By Catherine Lewis
What if we could predict who was at high risk for suicide, long before they were actually in physical danger?
If it sounds like the premise of a sci-fi novel, you’re not far off – but then again, neither is the technology.
In fact, one mental health researcher has already built an algorithm using artificial intelligence that can identify Twitter users at high risk of suicide – the only big question that remains now, he says, is how to best use this technology to help save lives?
“This tool takes tweets, and it turns what people say into a number. It asks, ‘How lonely is this tweet? What’s the hopelessness score? What’s the risk score?” says Dr. Zachary Kaminsky, DIFD Mach-Gaensslen Chair in Suicide Prevention Research at The Royal’s Institute of Mental Health Research, affiliated with the University of Ottawa.
According to Dr. Kaminsky, the tool can comb through years’ worth of tweets in minutes to pinpoint individuals at risk weeks – even months – before they tweet anything that would raise a red flag to a human reader. In fact, he says, the person writing the tweets might not even be aware that their pattern of speech may indicate risk.
That is because the algorithm doesn’t just use word recognition, and it doesn’t just recognize suicidal ideas – it identifies the actual psychological concepts related to suicide, and scores and matches them alongside all available public data linked to a Twitter user.
“This isn’t identifying people saying ‘I’m going to kill myself.’ It’s identifying a risk pattern for people who are moving towards that point,” says Dr. Kaminsky.
During a pilot study, Dr. Kaminsky’s algorithm was able to identify suicide risk with an 89 per cent accuracy rate.
This high rate of accuracy is especially fascinating, he says, because we can’t fully understand how the algorithm is actually predicting risk.
That is because it’s all done through machine learning – part of artificial intelligence – so while we know what information is fed through the algorithm, and what risk score comes out, we don’t actually know what patterns exist within the provided information that are necessary for the machine to get the right answer.
“Someone who’s lost someone to suicide shouldn’t think, ‘If only I’d just gone in and read their Twitter I would have seen their risk.’ That is not how this works,” says Kaminsky. “We’ve trained a computer to see things humans can’t see.”
Now with the evidence to show that this predictive tool actually works, Dr. Kaminsky’s next steps are crucial.
He sees the potential of the algorithm as a decision-making aid – something that can provide more information or context that could lead to the possibility of early intervention and suicide prevention; particularly amongst Canadians between the ages of 15 and 34, for whom suicide is the second leading cause of death.
Because people in this age group are heavy social media users, and Twitter data is completely public, Dr. Kaminsky says it was the obvious social media platform to focus on when building his algorithm.
The question is, who would be getting this information – and how? Would it be the users themselves? Health care providers? Parents concerned about their children?
More nefariously, what if it’s a bully? An employer seeking to vet hires? An insurance company seeking to deny coverage?
At a World Suicide Prevention Day event at The Royal on Sept. 10, Dr. Kaminsky presented his work for the first time to an auditorium full of people involved in suicide prevention in Ottawa to try to get answers to some of these questions.

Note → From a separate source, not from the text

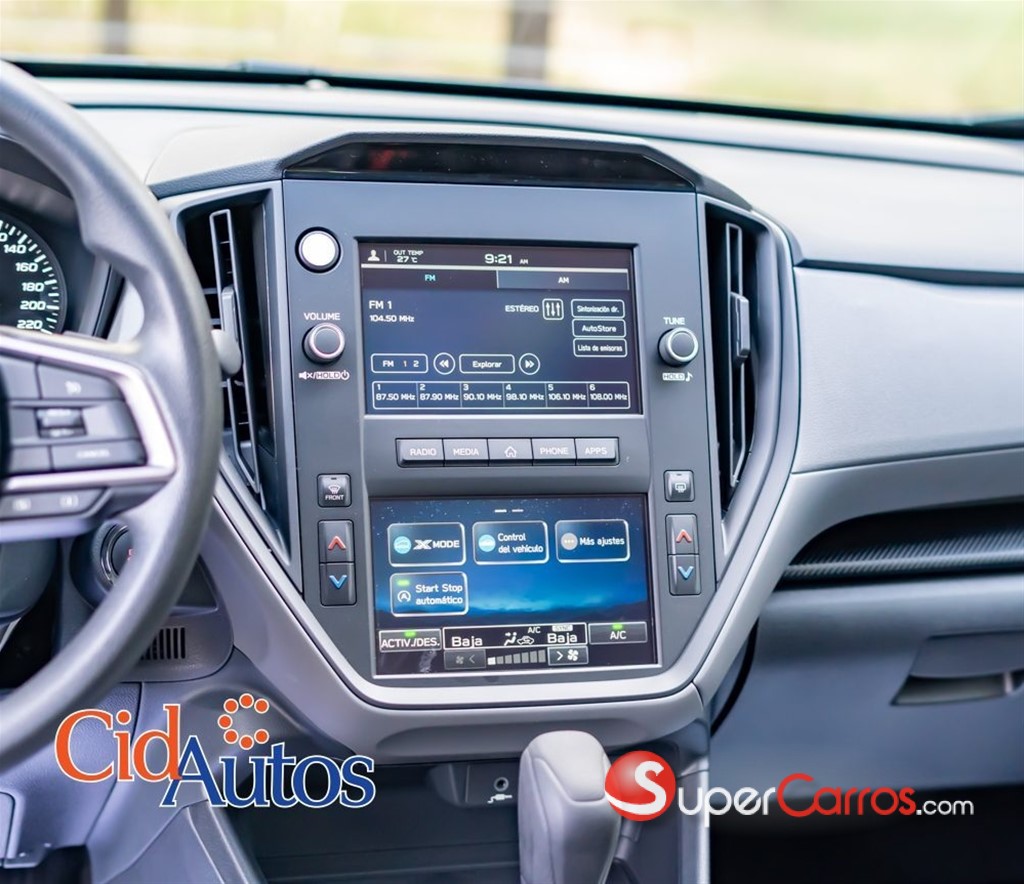 Observaciones: • Financiamiento hasta 7 años para pagar. • Aprobación y entrega inmediata. • Recibimos tu vehículo como parte del pago. • Garantía 3 años o 100,000 KMS. • Seguro FULL hasta 12 meses para pagar. • Asesoría durante todo el proceso. Tecnología: • Guía Multifunciones con diseño de 3 puntas forrado en piel. • Controles de Radio y computadora de abordo en el Guía. • Luces y limpiavidrios automáticos. • Radio con doble pantalla de 7” pulgadas c/u, táctil a color. • (MP3 Player), bluetooth, entradas USB. • Sistema de sonido con 4 altavoces. • Sistema X-mode para condiciones todo terreno. • Subaru SI-DRIVE (modo de manejo inteligente y sport). • Sistema de reconocimiento de voz. • Android Auto y Apple Carplay. • Conexión de Teléfono por Bluetooth. • Keyless entry & keyless start (acceso y encendido sin llave). Seguridad: • 8 Airbags (frontales, laterales, cortina, rodilla y cojín). • Sistema de inmovilización. • Programa electrónico de estabilidad (ESP). • Sistema de control de tracción (TCS). • Sistema de control de descenso. • Barras protectoras en las 4 puertas. • Sistema de detección de fatiga del conductor. • Ganchos ISOFIX para asientos de infantes. • Sistema de frenos de discos delanteros y traseros ventilados. • Sistema antibloqueo de regulación electrónica (ABS). • Retención automática del vehículo.

“We have this tool – I want to hear what you think we can do with it,” Kaminsky said. “I want to create something that people can actually use on the frontlines of suicide prevention. The question is, in whose hands should something like this go, and how should they use it?”
Initial discussions with the community produced a few ideas. A therapist could use this tool to get a more comprehensive picture of how their patient is doing. It could be used to triage limited resources to those at highest risk. It could be leveraged by social media platforms to push regional suicide prevention information directly to the user.
In any case, Dr. Kaminsky believes the eventual tool in any form would be best limited to gatekeepers – people highly experienced in handling private information.
As development moves forward, Dr. Kaminsky will be working closely with the community and those who could effectively use this tool on the ground to ensure that it leads to prevention; not harm.
“If these tools work as well as we think they’re working, they’re going to help save lives,” he says.
The tool needs larger studies and validation in the future, and a determination of the best way to use it, but so far, Dr. Kaminsky says it looks very promising. It’s also something that could be scaled to other social media platforms, and expanded to include the use of image recognition.
Catherine Lewis is a communications advisor at The Royal.